The main reason that scons is cool to me, and the thing that makes
it fundamentally different from make, is the introduction of actual
scoping.
make has a single global scope. This is one of the main reasons that
people write recursive Makefiles; By giving you one file per
directory, you get one scope per directory, which makes it possible to
have per-directory pattern rules, variables, and all that other stuff,
without driving yourself insane.
make‘s awful syntax, confusing varieties of variable,
whitespace-sensitivity, and all the other things that people love to
bitch about are annoying, but to my mind, the single scope that makes
recursive Makefiles the dominant (and, really, the only scalable)
paradigm is the one thing that really sucks.

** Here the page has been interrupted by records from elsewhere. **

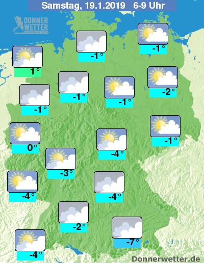 Der Samstag startet verbreitet bedeckt oder aufgelockert bewölkt, entlang der Oder sowie in der Westhälfte sind auch längere heitere Phasen zu erwarten. Schauer bleiben meist aus, die Temperaturen liegen mit Werten um -7 bis 1 Grad C nahezu bundesweit im Frostbereich.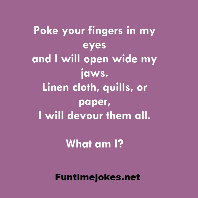 π Take the 15-Riddle Challenge (Win at 80%+)Poke your fingers in my eyes and I will open wide my jaws. Linen cloth, quills, or paper, I will devour them all. What am I?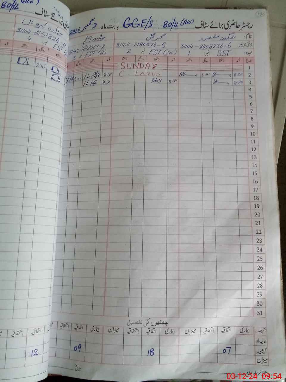 | CNIC | Full Name | Designation | R/C | Absence During Last Calender Month |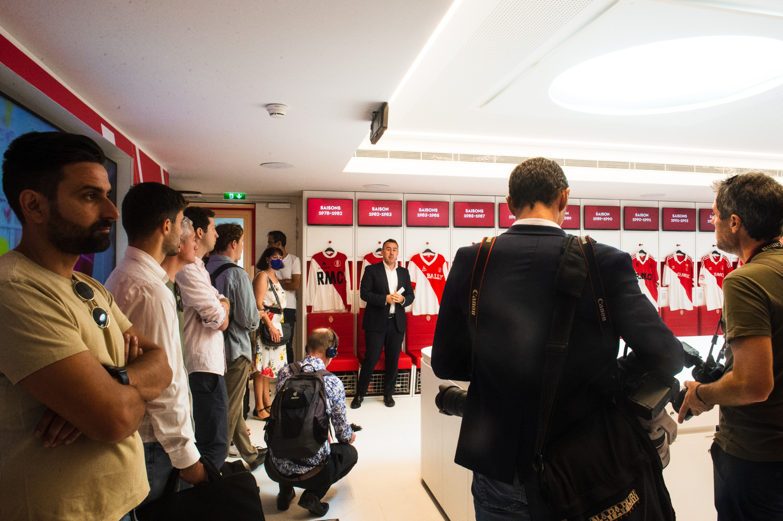 Devant la façade intérieure du bâtiment, une quarantaine de médias s’étaient donné rendez-vous pour suivre au plus près les festivités. Ils ont d’abord pu découvrir l’ensemble du domaine à travers une visite guidée effectuée par James Bunce, Directeur de la Performance de l’AS Monaco.
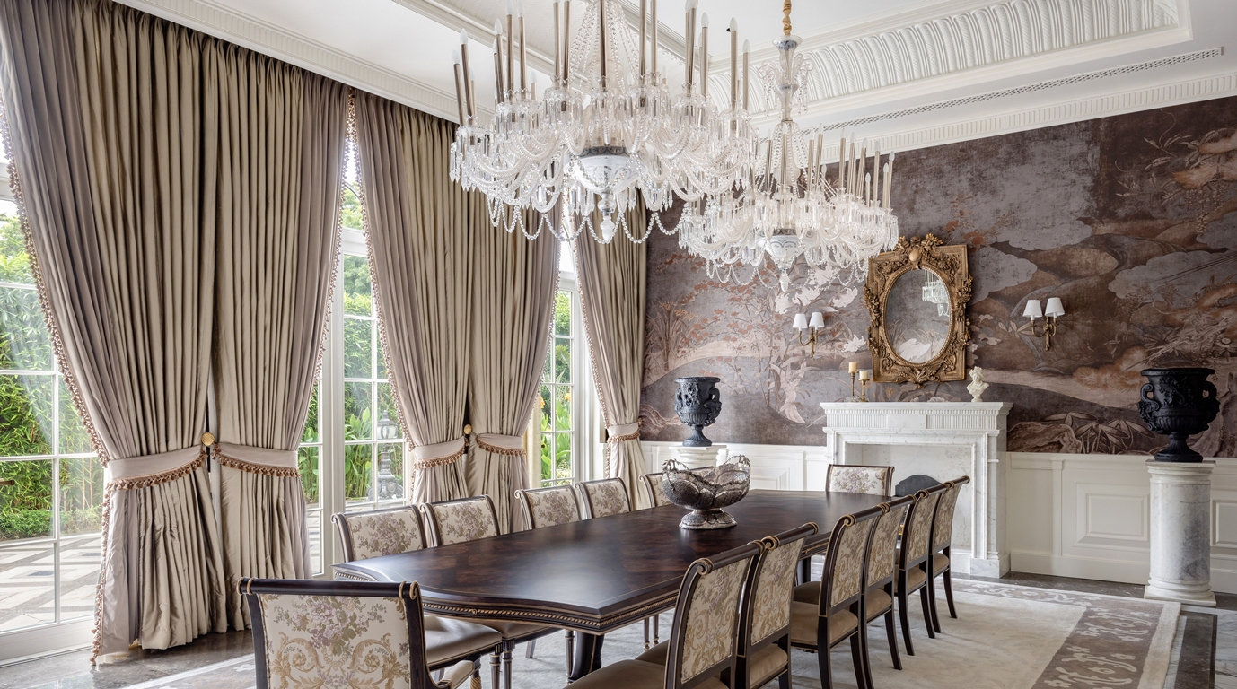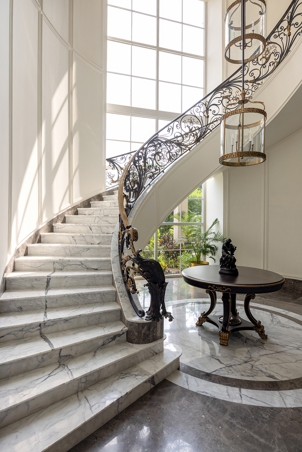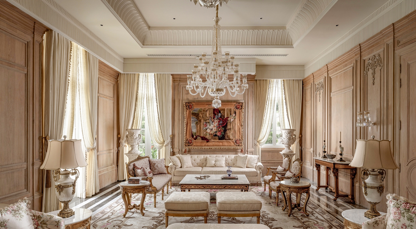 The design approach emphasizes precision over ornamentation. Ferragamo Beige limestone lends the exterior a warm, sun-washed character, while interiors unfold through marble inlays, champagne-leafed ceilings, warm wood paneling, and handcrafted metalwork. Material richness is expressed through stone skirtings, carved boiserie, hand-blown glass fixtures, and bronze accents creating moments of quiet luxury. Integrated automation subtly enhances comfort, allowing the classical envelope to support contemporary living. Landscaped lawns, terraces, and a poolside cabana amalgamate architecture with nature, using light, water, and greenery as living design elements. Oaklane Villa ultimately achieves a poised equilibrium between heritage, craft, and serene modernity.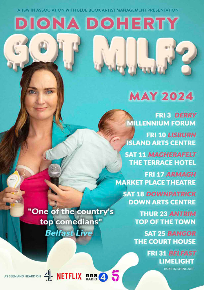 Star of Derry Girls, series regular on The Blame Game, Soft Border Patrol, The News Quiz, Breaking the News, Secrets of the Circuit, A Perforated Ulster and Give My Head Peace, Diona Doherty is taking a brand new show Got MILF? on her first ever stand up tour around the country.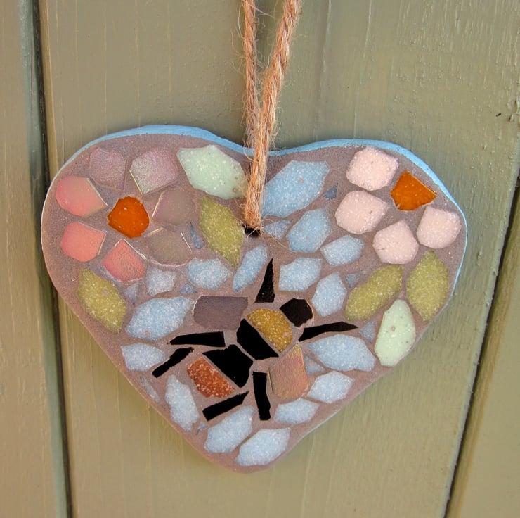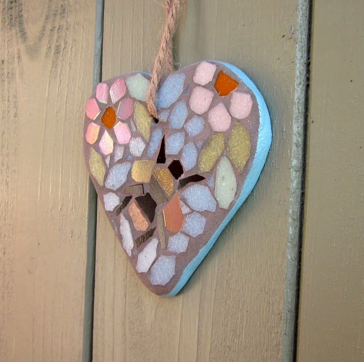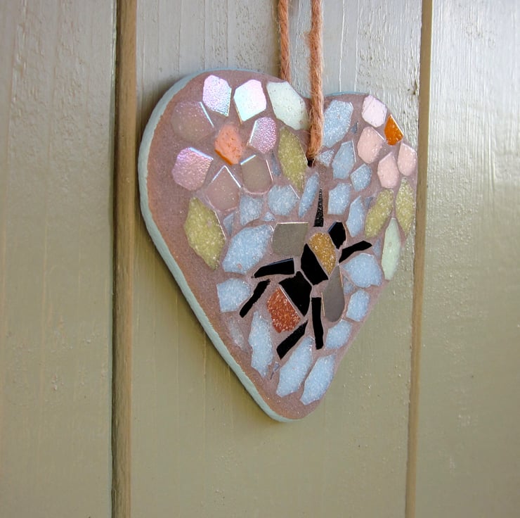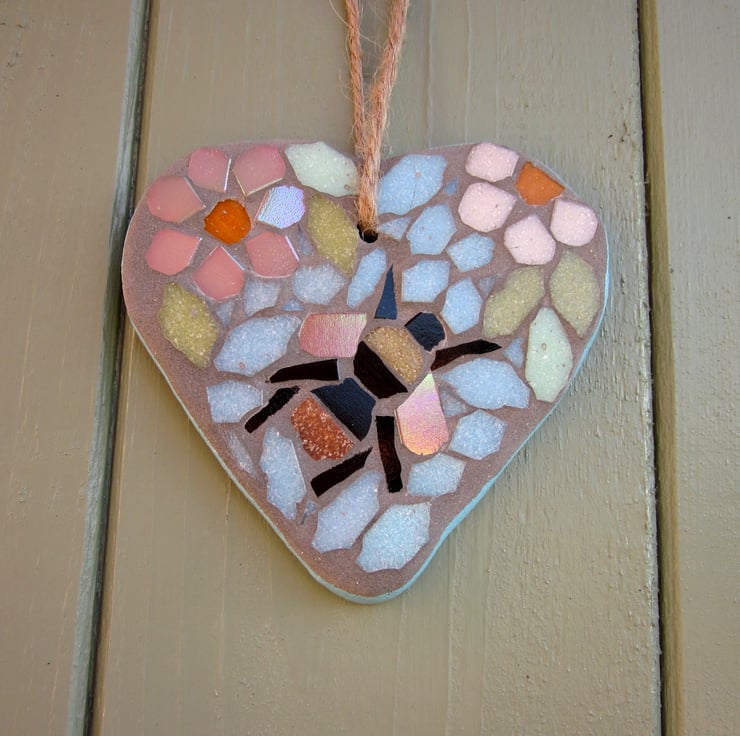 This mosaic decoration can be used in the garden or the home and features a mosaic design with a bumblebee and pink blossom. The blossom flower on the top left, and the bumblebee's wings are made with iridescent tiles to give some added metallic shine interest. The edges of the design are hand painted with a sky blue that matches the tiles used in the design adding to the spring sky feel.
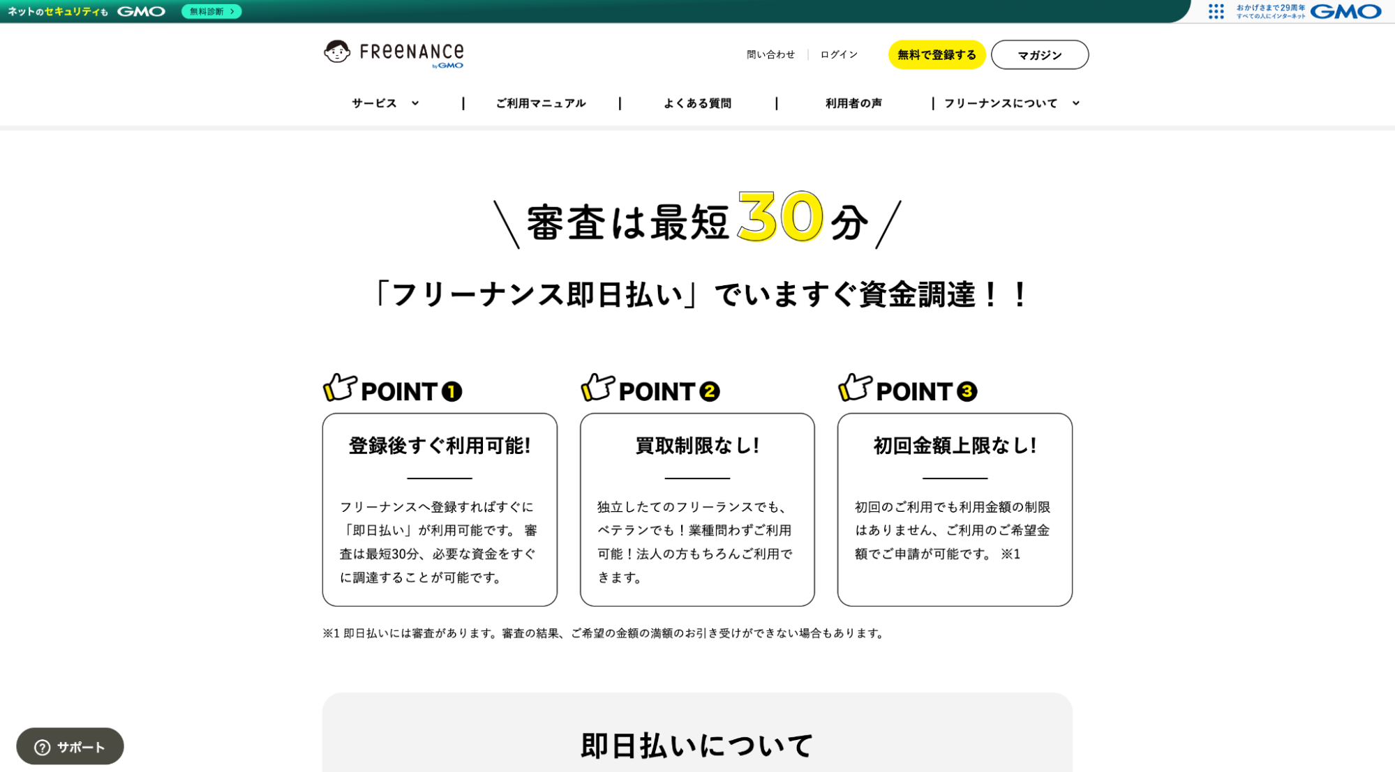 フリーナンスは、GMOクリエイターズネットワークが実施するフリーランス・個人事業主向けの即日で対応してくれるファクタリングサービスです。請求書をオンラインで提出するだけで、最短即日入金が完了します。

scons solves this by baking various kinds of scoping into the
tool. scons lets you include sub-build-scripts (typically named
SConscript, by convention). Those scripts run in their own namespace
and can establish their own variables, rules, etc., but the end result
is then merged back into the global rule list (handling sub-directory
paths intelligently), so that the scheduler can work globally, instead
of having to recurse.
Furthermore, because of this explicit scoping, you can pass variables,
including targets, between build files, letting you explicitly set up
cross-directory dependencies or share CFLAGS or other variables,
making it easy for different directories to share exactly as much or
as little configuration as you want.
In addition, scons has the concept of “build environments”, which
are objects that include build rules, variables, and so on. By
reifying what make just represents as the global environment into
objects, it makes it much easier to scope and program things. For
example, if you have a set of targets that should be built using the
global default rules, except with debugging enabled, you can do:
myenv = env.Clone()
myenv.Append(CFLAGS = ['-g'])
myenv.Program(...)
By making it (optionally) explicit which sets of rules and variables
are being used in each place, it becomes much easier to share multiple
kinds of targets and rule sets in a single file, without necessitating
lots of sub-files just for scoping, like make tends to lead to.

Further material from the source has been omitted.